▸ Supplied information:

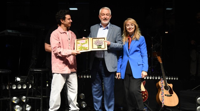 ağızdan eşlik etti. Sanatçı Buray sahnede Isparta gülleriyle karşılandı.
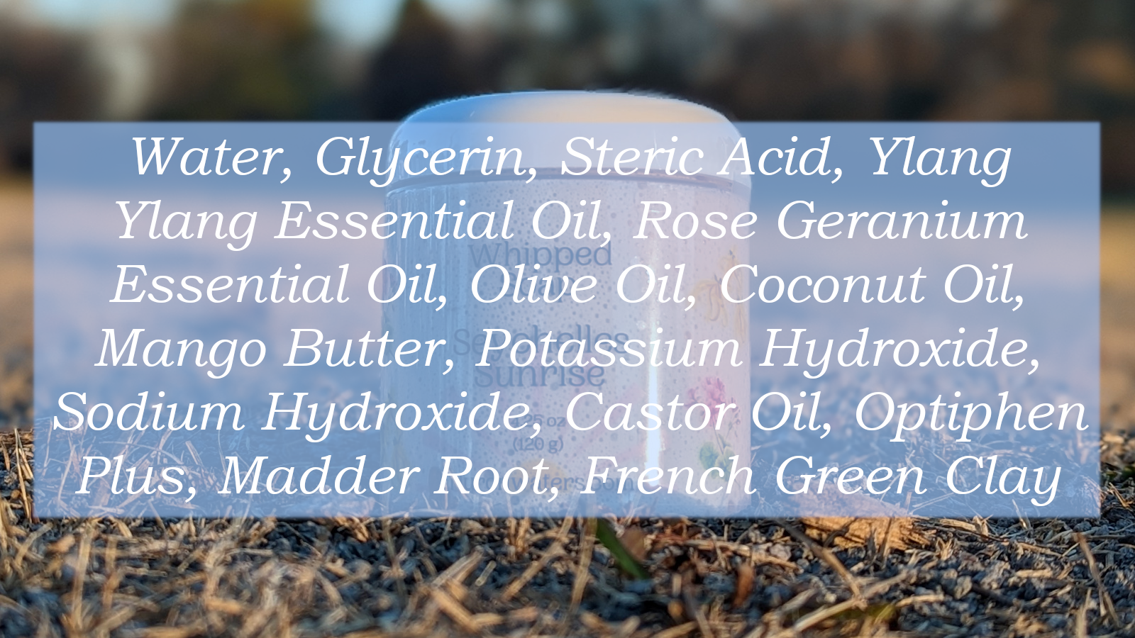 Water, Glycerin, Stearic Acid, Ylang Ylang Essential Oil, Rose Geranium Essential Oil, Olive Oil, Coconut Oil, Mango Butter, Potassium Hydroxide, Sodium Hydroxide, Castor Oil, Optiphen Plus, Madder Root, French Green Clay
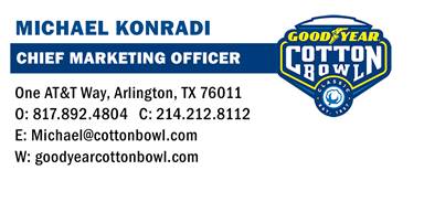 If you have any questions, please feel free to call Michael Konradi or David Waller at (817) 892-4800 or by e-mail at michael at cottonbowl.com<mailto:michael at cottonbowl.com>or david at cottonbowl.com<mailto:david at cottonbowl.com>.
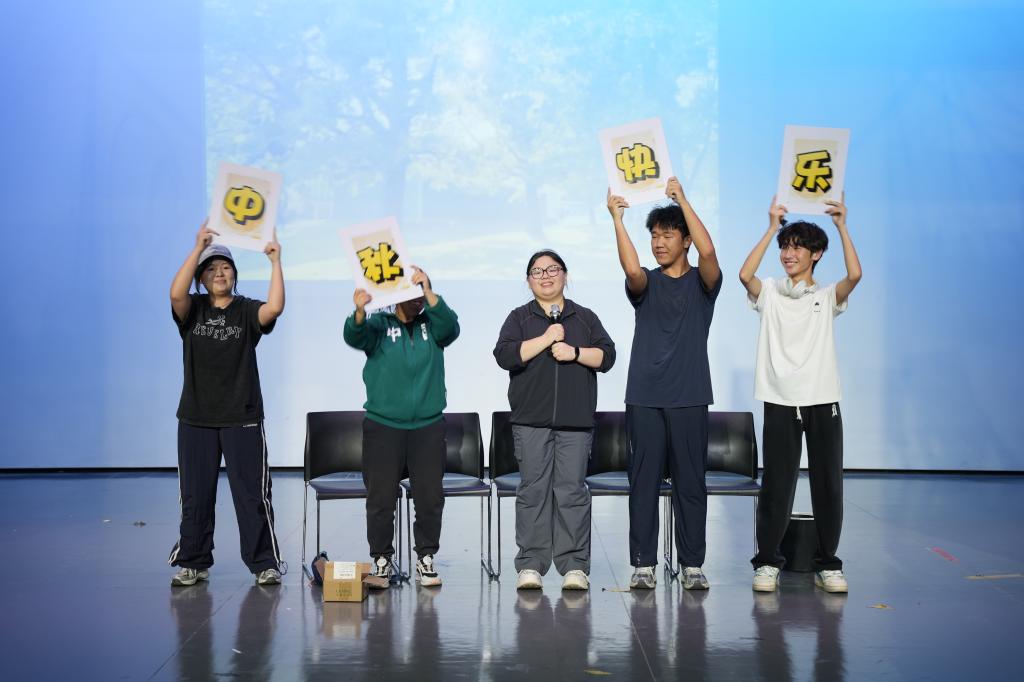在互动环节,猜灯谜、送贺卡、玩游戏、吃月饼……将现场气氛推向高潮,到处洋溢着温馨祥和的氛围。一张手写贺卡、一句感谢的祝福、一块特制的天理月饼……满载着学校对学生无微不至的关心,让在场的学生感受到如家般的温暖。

▸ Work order: Every line of the data above should be quoted exactly. Omit the pictures.

▸ Written response:
 ağızdan eşlik etti. Sanatçı Buray sahnede Isparta gülleriyle karşılandı.
 Water, Glycerin, Stearic Acid, Ylang Ylang Essential Oil, Rose Geranium Essential Oil, Olive Oil, Coconut Oil, Mango Butter, Potassium Hydroxide, Sodium Hydroxide, Castor Oil, Optiphen Plus, Madder Root, French Green Clay
 If you have any questions, please feel free to call Michael Konradi or David Waller at (817) 892-4800 or by e-mail at michael at cottonbowl.com<mailto:michael at cottonbowl.com>or david at cottonbowl.com<mailto:david at cottonbowl.com>.
在互动环节,猜灯谜、送贺卡、玩游戏、吃月饼……将现场气氛推向高潮,到处洋溢着温馨祥和的氛围。一张手写贺卡、一句感谢的祝福、一块特制的天理月饼……满载着学校对学生无微不至的关心,让在场的学生感受到如家般的温暖。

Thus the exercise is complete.